Business owners have additional concerns in divorce. Among those concerns are keeping your business healthy financially and personally, keeping business information confidential and keeping business decisions within the control of the owners. No business owner wants a divorce to negatively impact his or her business, but without thinking through the process of divorce and how to best handle that business throughout the process, bad things can and do happen. Both spouses, not just the business owner spouse, have a vested interest in making sure the business thrives during and after a divorce.

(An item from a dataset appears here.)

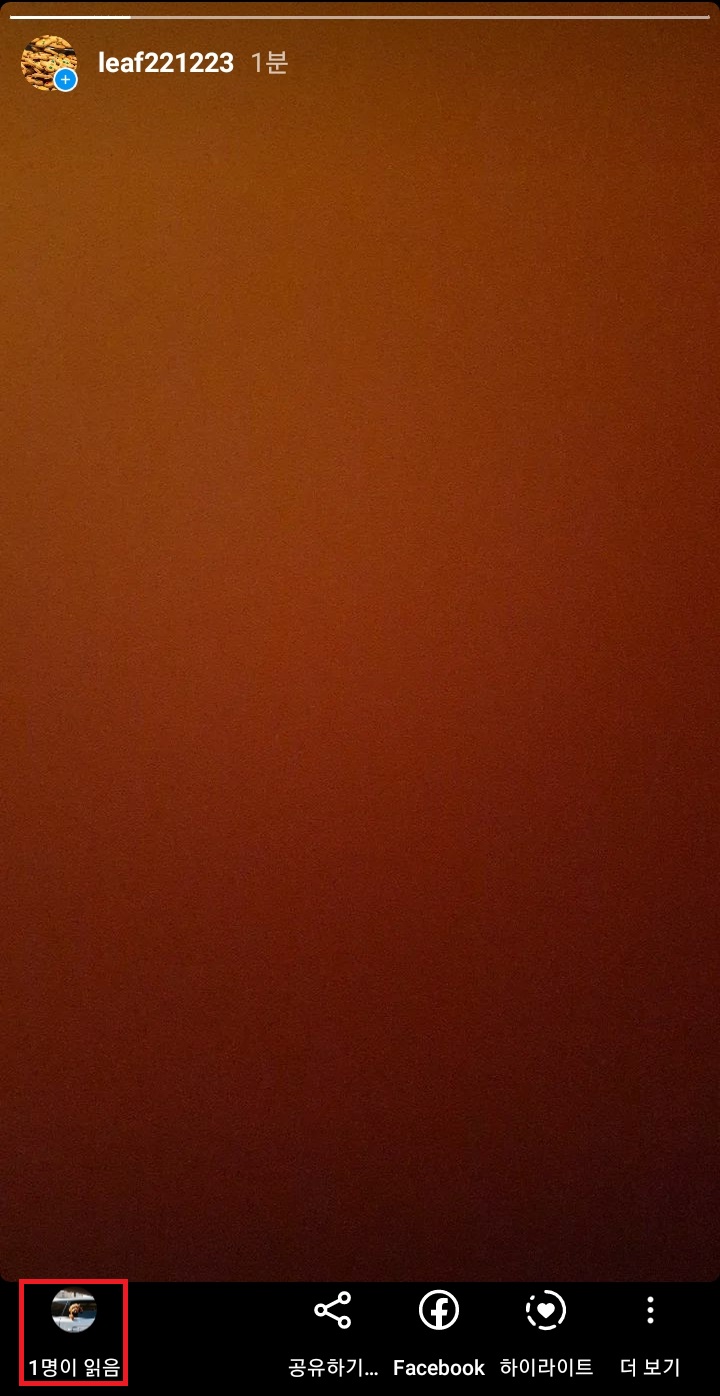 ✓ 그런 다음, 다시 본계정으로 로그인한 뒤, 본인의 스토리를 확인해보았는데요, 여기서 아래에 본인이 올린 스토리를 읽은 사람의 프로필과 사람의 수가 표시되는 것을 알 수 있습니다.

Keeping your business healthy throughout the divorce process can be extremely difficult. Most business owners want to stay focused on running their business and going through a divorce is a huge distraction. It can be distracting for the business owner, requiring phone calls and meetings with attorneys and other professionals, reviewing letters, documents, court filings, all of which take your time and energy away from running your business. It is distracting for employees, who see and hear the business owner (their boss) spending time on other matters and frequently leads to questions about the future of the business and therefore, the future of their jobs. If both spouses can explicitly acknowledge their mutual interest in keeping the business healthy and use a divorce process that allows for orderly, planned use of time and resources, it minimizes the distraction and unnecessary diversion of energy. It also presents a solid, controlled picture to the employees so they can confidently go about doing their work without the divorce drama.

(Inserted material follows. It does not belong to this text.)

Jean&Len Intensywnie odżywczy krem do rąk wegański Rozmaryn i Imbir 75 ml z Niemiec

Most owners want their businesses to be well-known but want the confidential information regarding the operations of their businesses to remain confidential. The divorce process has the potential to expose all of the confidential inner workings of your business to public scrutiny. Court records, including testimony and exhibits regarding business operations, management and valuation, are public records. That means if you discuss this information in court filings or hearings, anybody can go to the courthouse (or go online in most jurisdictions) and get copies of all your business-related information.

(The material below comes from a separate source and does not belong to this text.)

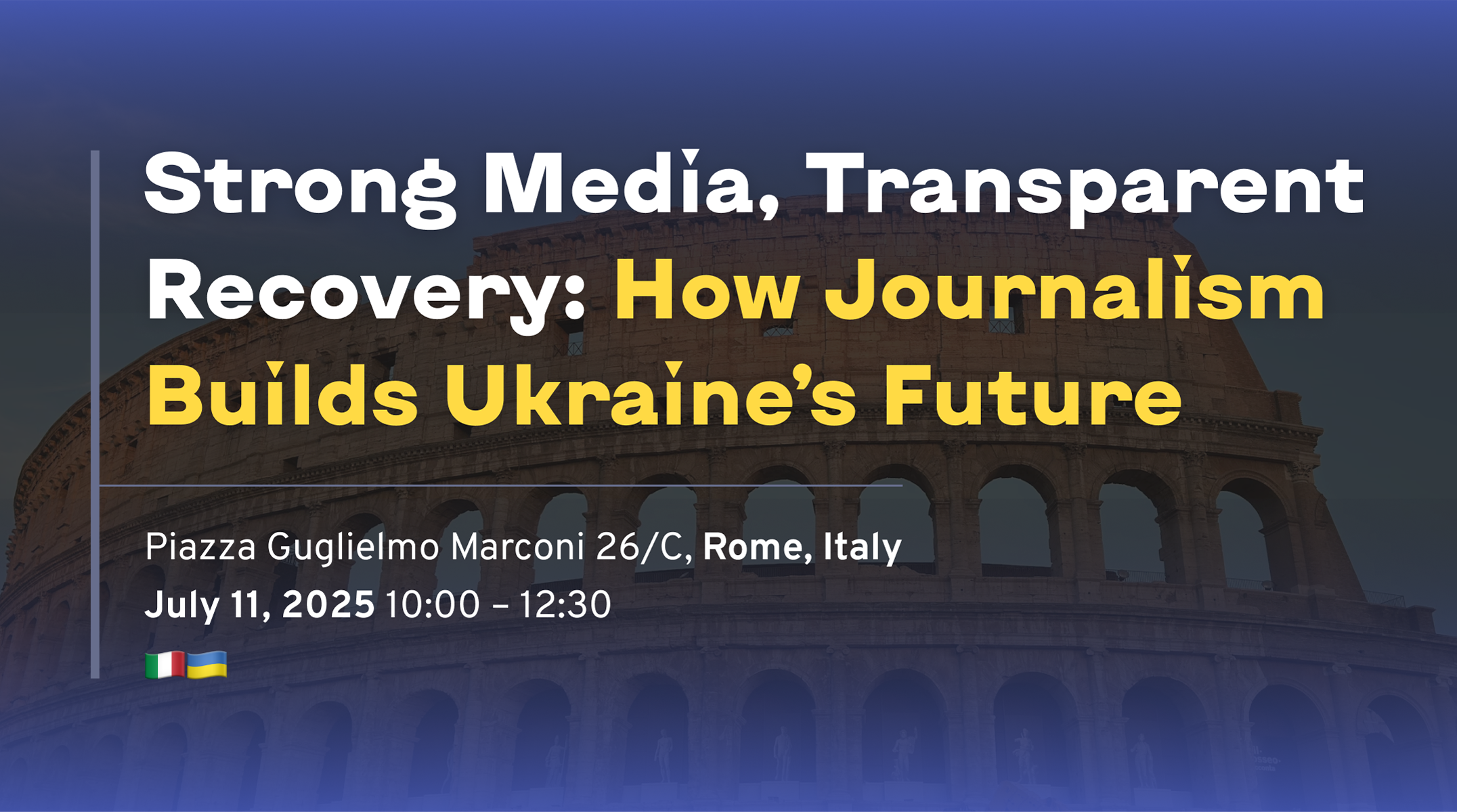 У п’ятницю, 11 липня, в Римі (Італія) в межах Ukraine Recovery Conference – 2025 відбудеться сайдівент “Сильні медіа, прозоре відновлення: Як журналістика будує майбутнє України” про роль незалежних українських медіа у відновленні, демократичних перетвореннях та розбудові суспільної довіри.

If you own a business and you give decision-making authority to someone else (divorce master, judge), you are also giving them decision-making authority over the future of your business. If you and your spouse can’t agree on business management during the divorce process, the court could end up making those decisions or appointing a third party to make them. Being a business owner myself, that’s a scary thought. That possibility should be a powerful incentive for business owners to carefully consider the process they’ll use for their divorce before actually starting it.

So how can you make sure your business not only survives, but thrives, despite the fact that you’re getting divorced? The first step is to get educated. Meet with an attorney to discuss all of the available options for how to go through the divorce process. Include your spouse in this education process (although he or she cannot meet with you and your attorney), since you’ll both be deciding what route to take in the divorce. Then put what you’ve learned into play. Engage in the best possible process to protect and preserve your business. Keep that in your mind as a goal when you’re making decisions. And make sure your attorney understands the importance of that goal to you.